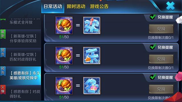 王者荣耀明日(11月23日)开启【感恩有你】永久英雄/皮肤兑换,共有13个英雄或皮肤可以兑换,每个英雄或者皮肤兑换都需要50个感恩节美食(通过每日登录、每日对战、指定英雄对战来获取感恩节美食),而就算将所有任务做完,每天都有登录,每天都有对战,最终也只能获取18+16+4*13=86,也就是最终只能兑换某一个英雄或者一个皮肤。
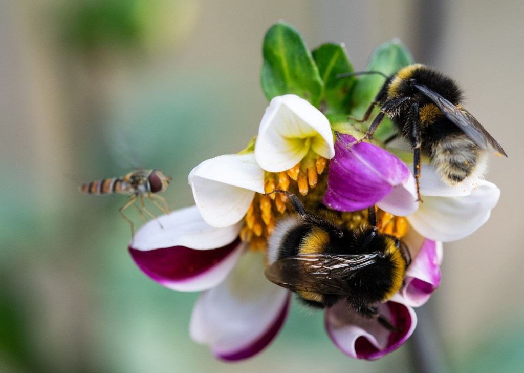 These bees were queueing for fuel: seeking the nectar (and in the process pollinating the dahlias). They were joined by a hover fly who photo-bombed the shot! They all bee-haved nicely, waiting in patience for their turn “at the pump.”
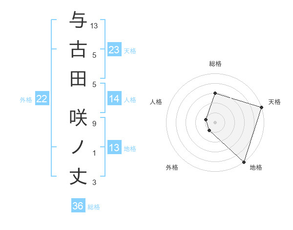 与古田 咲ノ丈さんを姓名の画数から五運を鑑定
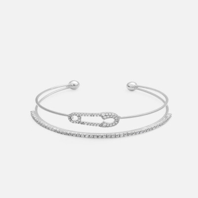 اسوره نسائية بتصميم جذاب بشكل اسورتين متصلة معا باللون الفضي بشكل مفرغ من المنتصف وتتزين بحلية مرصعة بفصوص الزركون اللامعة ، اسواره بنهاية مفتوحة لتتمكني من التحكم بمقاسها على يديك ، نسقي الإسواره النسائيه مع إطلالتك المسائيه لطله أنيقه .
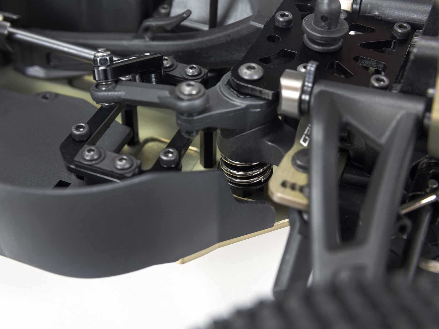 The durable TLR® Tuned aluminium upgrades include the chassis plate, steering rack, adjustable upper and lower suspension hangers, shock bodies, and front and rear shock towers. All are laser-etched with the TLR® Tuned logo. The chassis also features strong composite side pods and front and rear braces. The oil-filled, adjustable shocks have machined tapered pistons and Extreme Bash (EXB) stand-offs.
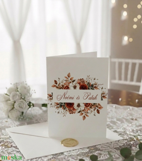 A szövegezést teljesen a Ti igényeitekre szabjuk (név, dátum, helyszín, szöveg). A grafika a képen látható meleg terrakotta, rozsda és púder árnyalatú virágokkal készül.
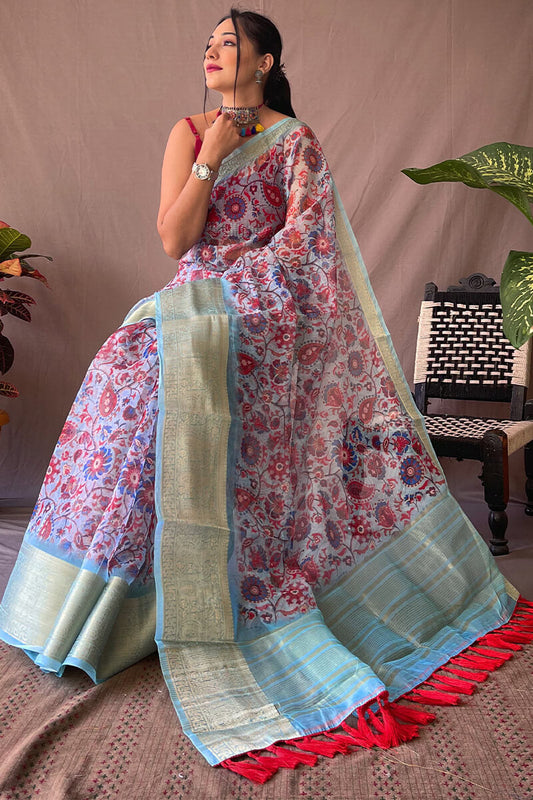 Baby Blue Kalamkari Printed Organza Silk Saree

____

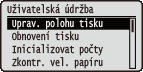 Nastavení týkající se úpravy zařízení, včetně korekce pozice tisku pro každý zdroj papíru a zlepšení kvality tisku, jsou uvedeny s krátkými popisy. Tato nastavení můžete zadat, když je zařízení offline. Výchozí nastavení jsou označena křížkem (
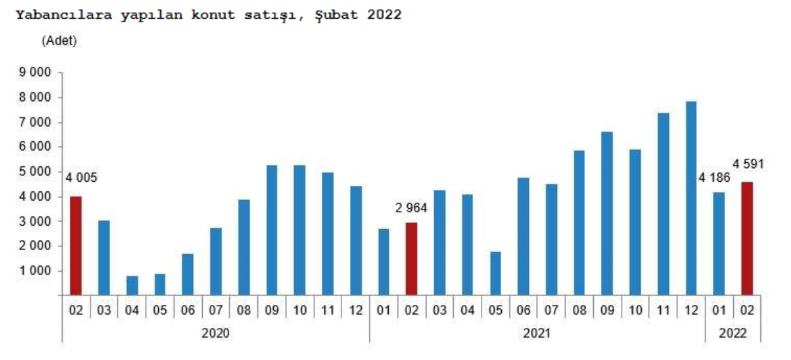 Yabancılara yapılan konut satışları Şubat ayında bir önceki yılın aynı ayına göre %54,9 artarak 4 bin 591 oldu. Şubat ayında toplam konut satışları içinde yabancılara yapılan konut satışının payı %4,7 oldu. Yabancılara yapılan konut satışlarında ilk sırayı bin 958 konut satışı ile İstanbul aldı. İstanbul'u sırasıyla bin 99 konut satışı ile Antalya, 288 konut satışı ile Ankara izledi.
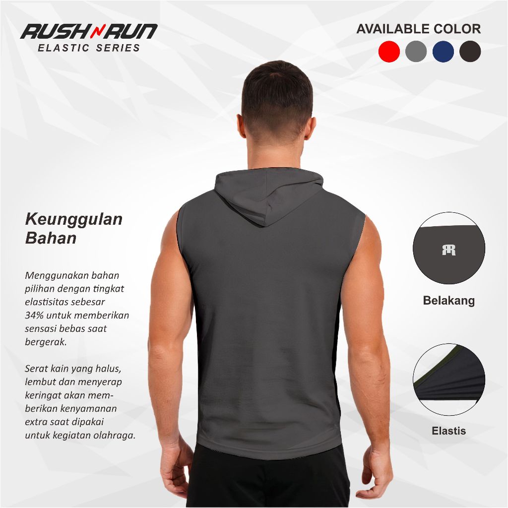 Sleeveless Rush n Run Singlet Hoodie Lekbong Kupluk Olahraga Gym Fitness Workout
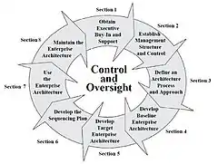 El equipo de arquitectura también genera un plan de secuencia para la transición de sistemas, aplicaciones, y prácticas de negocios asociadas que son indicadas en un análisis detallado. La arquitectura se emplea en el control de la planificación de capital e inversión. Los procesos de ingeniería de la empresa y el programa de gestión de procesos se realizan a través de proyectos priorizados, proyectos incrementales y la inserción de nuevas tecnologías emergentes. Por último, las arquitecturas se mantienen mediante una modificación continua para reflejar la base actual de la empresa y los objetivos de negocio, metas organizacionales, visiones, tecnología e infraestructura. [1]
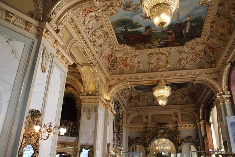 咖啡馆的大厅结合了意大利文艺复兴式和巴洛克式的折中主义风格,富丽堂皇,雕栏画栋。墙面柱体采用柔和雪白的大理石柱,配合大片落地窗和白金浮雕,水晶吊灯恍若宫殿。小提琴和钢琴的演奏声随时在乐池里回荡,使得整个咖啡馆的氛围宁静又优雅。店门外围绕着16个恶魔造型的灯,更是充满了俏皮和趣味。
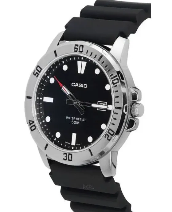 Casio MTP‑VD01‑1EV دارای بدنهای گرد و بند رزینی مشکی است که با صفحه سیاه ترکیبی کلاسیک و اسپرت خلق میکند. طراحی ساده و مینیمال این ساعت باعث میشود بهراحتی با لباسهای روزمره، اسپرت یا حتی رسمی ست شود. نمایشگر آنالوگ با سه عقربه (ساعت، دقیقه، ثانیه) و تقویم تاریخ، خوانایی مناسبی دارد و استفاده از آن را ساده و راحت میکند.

____

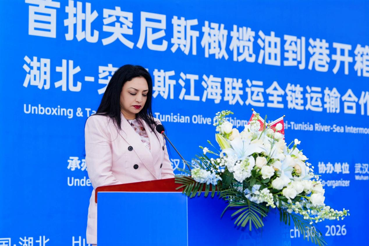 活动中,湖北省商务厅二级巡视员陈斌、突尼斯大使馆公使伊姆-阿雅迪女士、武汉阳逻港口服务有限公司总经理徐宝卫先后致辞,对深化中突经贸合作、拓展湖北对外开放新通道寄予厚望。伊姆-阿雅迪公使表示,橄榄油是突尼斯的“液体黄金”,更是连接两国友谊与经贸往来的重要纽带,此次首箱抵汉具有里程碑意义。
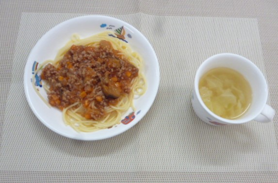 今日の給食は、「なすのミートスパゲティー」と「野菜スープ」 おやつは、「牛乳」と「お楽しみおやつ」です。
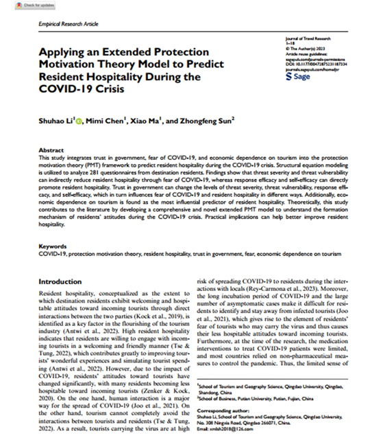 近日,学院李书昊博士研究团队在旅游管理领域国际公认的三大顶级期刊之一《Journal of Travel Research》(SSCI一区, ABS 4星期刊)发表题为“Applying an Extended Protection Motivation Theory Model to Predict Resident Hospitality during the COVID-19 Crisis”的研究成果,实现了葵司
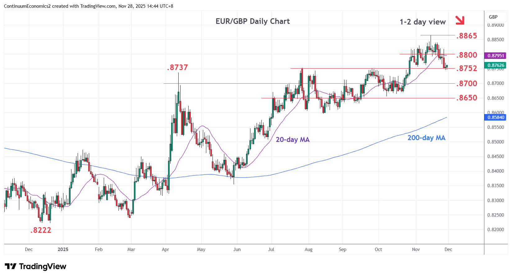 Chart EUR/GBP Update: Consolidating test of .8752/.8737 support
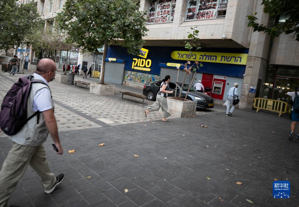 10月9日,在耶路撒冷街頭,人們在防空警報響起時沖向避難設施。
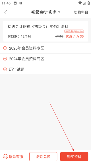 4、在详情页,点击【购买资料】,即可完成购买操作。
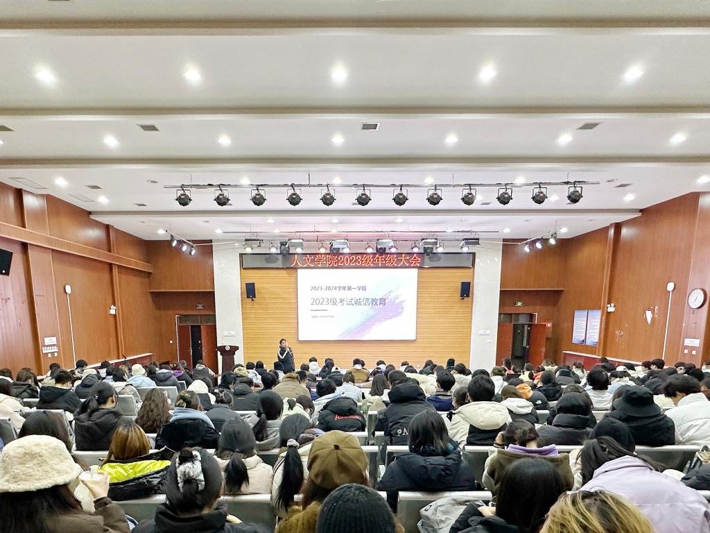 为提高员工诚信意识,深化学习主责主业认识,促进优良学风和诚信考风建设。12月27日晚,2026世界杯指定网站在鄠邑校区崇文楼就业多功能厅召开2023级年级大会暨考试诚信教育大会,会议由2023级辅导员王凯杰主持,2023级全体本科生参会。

____

Starting at the line above that holds "王者荣耀明日(11月23日)", repeat every line exactly down to and including the line that holds "Baby Blue Kalamkari", then stop. Do not carry over any pictures.

 王者荣耀明日(11月23日)开启【感恩有你】永久英雄/皮肤兑换,共有13个英雄或皮肤可以兑换,每个英雄或者皮肤兑换都需要50个感恩节美食(通过每日登录、每日对战、指定英雄对战来获取感恩节美食),而就算将所有任务做完,每天都有登录,每天都有对战,最终也只能获取18+16+4*13=86,也就是最终只能兑换某一个英雄或者一个皮肤。
 These bees were queueing for fuel: seeking the nectar (and in the process pollinating the dahlias). They were joined by a hover fly who photo-bombed the shot! They all bee-haved nicely, waiting in patience for their turn “at the pump.”
 与古田 咲ノ丈さんを姓名の画数から五運を鑑定
 اسوره نسائية بتصميم جذاب بشكل اسورتين متصلة معا باللون الفضي بشكل مفرغ من المنتصف وتتزين بحلية مرصعة بفصوص الزركون اللامعة ، اسواره بنهاية مفتوحة لتتمكني من التحكم بمقاسها على يديك ، نسقي الإسواره النسائيه مع إطلالتك المسائيه لطله أنيقه .
 The durable TLR® Tuned aluminium upgrades include the chassis plate, steering rack, adjustable upper and lower suspension hangers, shock bodies, and front and rear shock towers. All are laser-etched with the TLR® Tuned logo. The chassis also features strong composite side pods and front and rear braces. The oil-filled, adjustable shocks have machined tapered pistons and Extreme Bash (EXB) stand-offs.
 A szövegezést teljesen a Ti igényeitekre szabjuk (név, dátum, helyszín, szöveg). A grafika a képen látható meleg terrakotta, rozsda és púder árnyalatú virágokkal készül.
 Baby Blue Kalamkari Printed Organza Silk Saree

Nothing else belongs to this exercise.